Supplied records »
- Opening Delimiter -
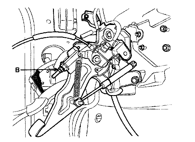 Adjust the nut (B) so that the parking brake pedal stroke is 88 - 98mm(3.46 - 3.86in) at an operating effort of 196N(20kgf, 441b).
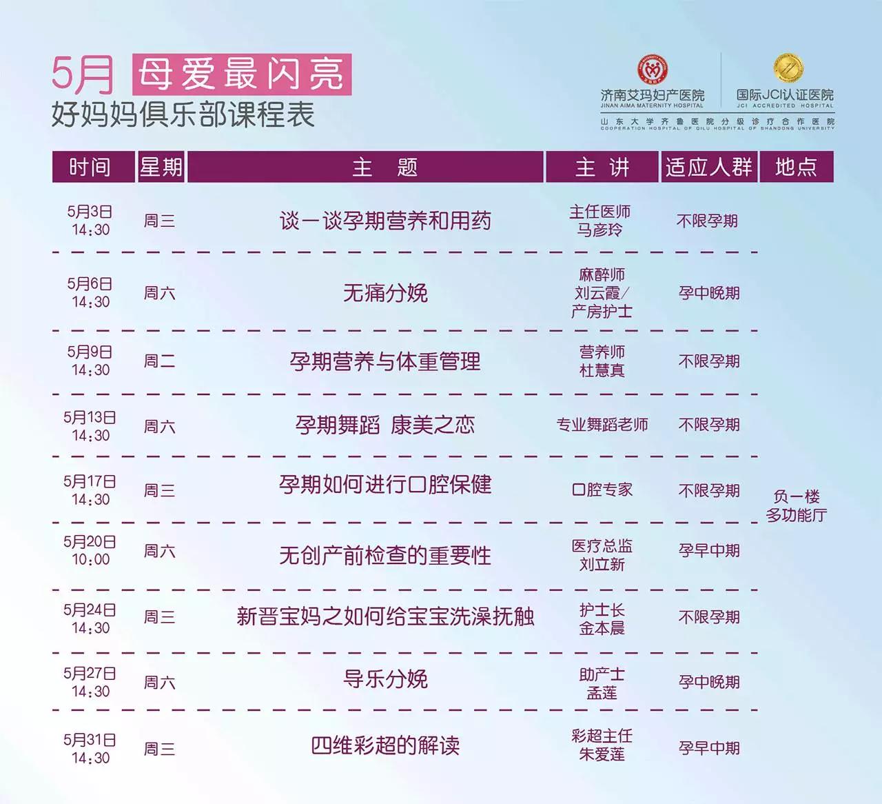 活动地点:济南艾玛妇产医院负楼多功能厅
- Closing Delimiter -
- Opening Delimiter -
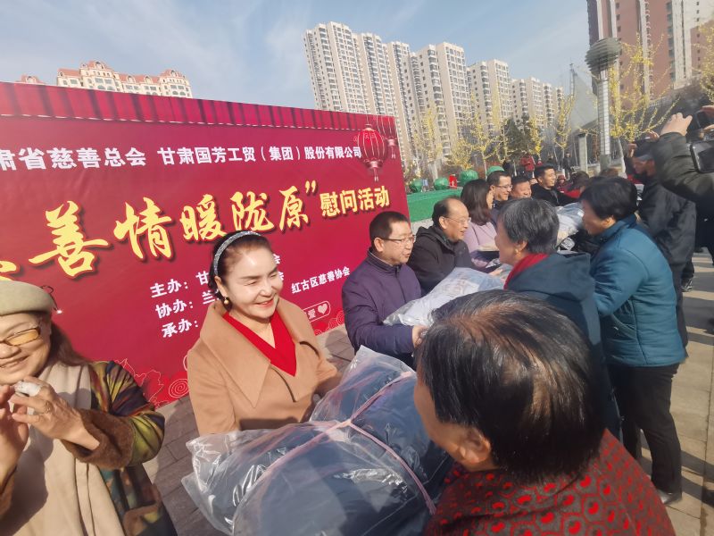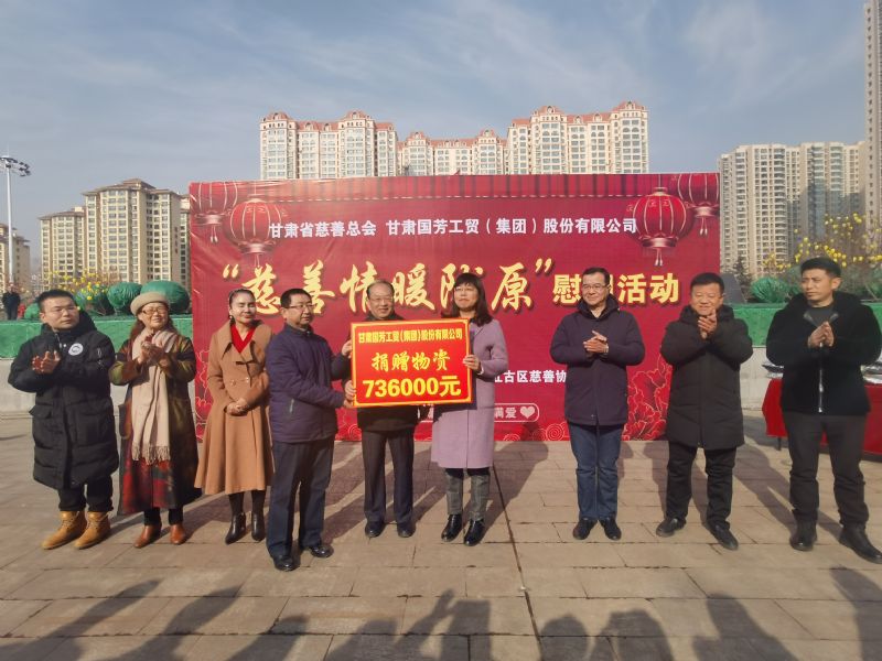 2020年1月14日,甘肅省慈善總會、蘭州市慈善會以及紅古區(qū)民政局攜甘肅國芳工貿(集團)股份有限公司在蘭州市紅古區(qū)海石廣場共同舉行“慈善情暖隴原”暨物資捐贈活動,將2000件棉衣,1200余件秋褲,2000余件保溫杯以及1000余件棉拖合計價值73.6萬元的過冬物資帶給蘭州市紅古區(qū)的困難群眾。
- Closing Delimiter -
Your task » Leaving all pictures out, output exactly the lines of the material above from the line with "Adjust the nut" to the line with "活动地点:济南艾玛妇产医院负楼多功能厅", both included.

Solution for this exercise »
 Adjust the nut (B) so that the parking brake pedal stroke is 88 - 98mm(3.46 - 3.86in) at an operating effort of 196N(20kgf, 441b).
 活动地点:济南艾玛妇产医院负楼多功能厅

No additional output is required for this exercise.